For each problem, we also made the locals think about the root causes, which really helped us get a better understanding of the full context.
Finally, we asked them to come up with some solutions for each of the problems. Our goal: to filter out our own prejudices and gain insight into how locals would tackle the problems, because this approach would also most likely be accepted by the community.
Impact and business model
With all the information from the research and the cultural probes, we set out to identify the new approach of Local Heroes. But between all the post-its, "how might we" statements and flipchart drawings, we got a little lost. By simplifying the problem and immediately searching for a solution, we quickly lost sight of what Local Heroes really wants to achieve: finding a way to change communities from the inside out and to make them self-sufficient so the organization eventually becomes redundant.

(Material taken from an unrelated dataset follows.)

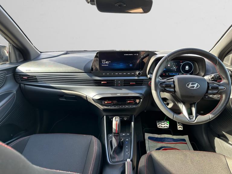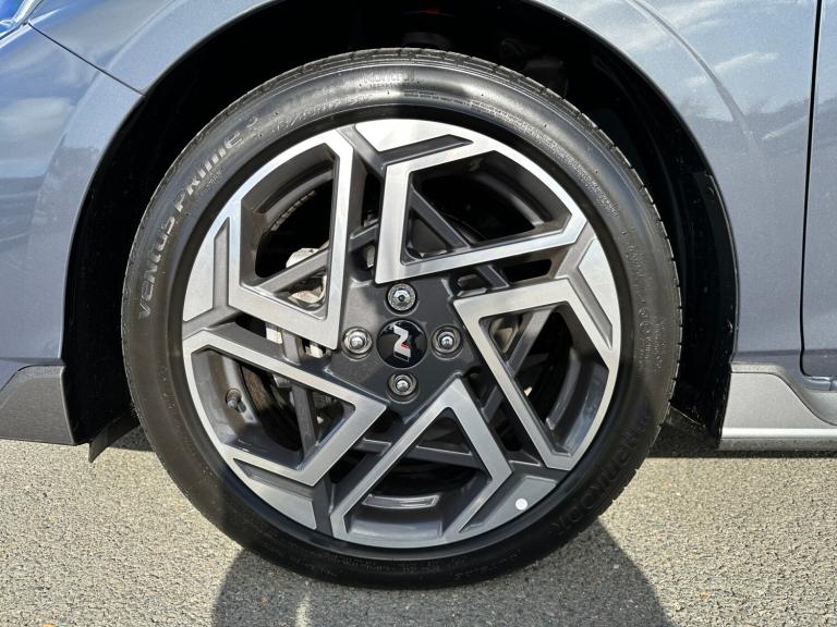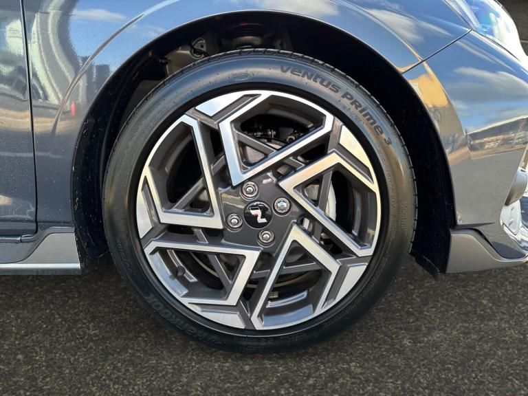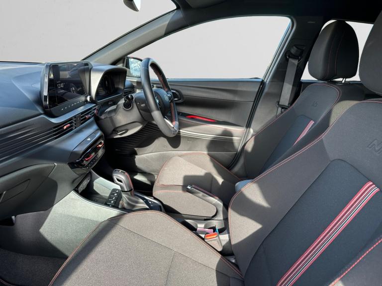 ..10.25'' Touchscreen satellite navigation including mapcare and live services, 2nd Gen eCall, 8'' Touchscreen DAB Radio with android auto and apple carplay, Apple car play/Android Auto, Driver's supervision instrument cluster with 10.25'' LCD display, E-call, Forward collision assist with car, pedestrian and cycle detection, Front parking sensor, Intelligent speed assist, Lane follow assist, Lane keep assist, MAP OTA updates, PAS, Rear parking sensor, Rear view camera with dynamic guidelines, Wireless charging pad, Bose premium sound system, USB C and USB A ports in front, USB C Port in rear, Automatic defog system for front windscreen, Automatic dimming rear view mirror, Automatic headlights with dusk sensor, Automatic windscreen wipers, Body colour door handles, Electric front and rear windows, Front fog lights, Heated door mirrors with electric adjustment and power folding function, High beam assist, LED daytime running lights, LED Headlights, LED positioning lights, LED taillights, Privacy glass - Rear windows and tailgate, Rain sensor, Rear roof spoiler with integrated LED brake light, Rear side wing doors, Rear wiper, Repositioned flat metal hyundai emblem, Shark fin antenna, Windscreen acoustic film, 3 seat bench in 2nd row, Adjustable head restraints, Air conditioning climate control, Automatic de-fog system for front windscreen, Cloth upholstery, Driver and passenger illuminated vanity mirrors with driver ticket holder, Floor mats, Front cup holder, Heated front seats, Heated steering wheel, Height adjustable driver's seat, Isofix, Leather wrapped steering wheel and gear knob, Luggage hooks, Multi colour ambient lighting, Rear Seats - Split Folding (60/40), Single front passenger seat, Sport metal pedals, Steering wheel remote controls, Tilt and telescopic steering wheel adjustment, 3x3 point rear seatbelts, Anti-lock brake system (ABS), Autonomous emergency braking, Child locks on rear doors, Driver and front passenger airbags, Rear seat alert, Side and Curtain airbags, Tyre pressure monitoring system, Immobiliser, Smart key with keyless entry and engine start/stop button, 17'' N Line black alloy wheels, Tyre repair kit

The problems in Uganda aren’t simple at all. But if the cultural probes taught us one thing, it is that there are plenty of driven and entrepreneurial Ugandans who know what problems their communities are facing and how they can be solved. All they need is better entrepreneurial skills and financial support.

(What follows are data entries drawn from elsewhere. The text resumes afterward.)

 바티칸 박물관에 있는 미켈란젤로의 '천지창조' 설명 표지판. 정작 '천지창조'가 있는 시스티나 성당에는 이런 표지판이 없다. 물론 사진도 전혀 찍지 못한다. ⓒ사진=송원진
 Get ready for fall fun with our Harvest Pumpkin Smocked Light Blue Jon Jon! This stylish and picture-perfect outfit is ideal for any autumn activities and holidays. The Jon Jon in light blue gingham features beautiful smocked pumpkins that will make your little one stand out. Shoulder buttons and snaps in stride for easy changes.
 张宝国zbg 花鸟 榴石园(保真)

After this realization the task of Local Heroes became clear: to identify locals who have an idea to tackle a problem in their community. To help them turn this idea into a sustainable business model and to give them the support they need to make it a success and change the future of their community.
This concept was tested for the first time during a series of interviews with the participants of the cultural probes. In these conversations we took a deep dive into the problems they had identified and their motivation to implement the solutions. Some of the ideas:
- opening an internet cafe with classes for children in poverty
- opening a coding school
- setting up an orphanage
- distributing solar panels to generate energy in remote regions
Our hunch was confirmed. Finding people with good ideas is not that difficult at all. But they should get the time and support they need to make their idea reality.
Local Heroes is currently developing the incubator program to empower locals to find the right problems to solve and to turn their solutions into sustainable businesses that strengthen their communities.
Some of the Ugandans that were involved in this study will become the first real Local Heroes and will receive support to turn their dream project into reality.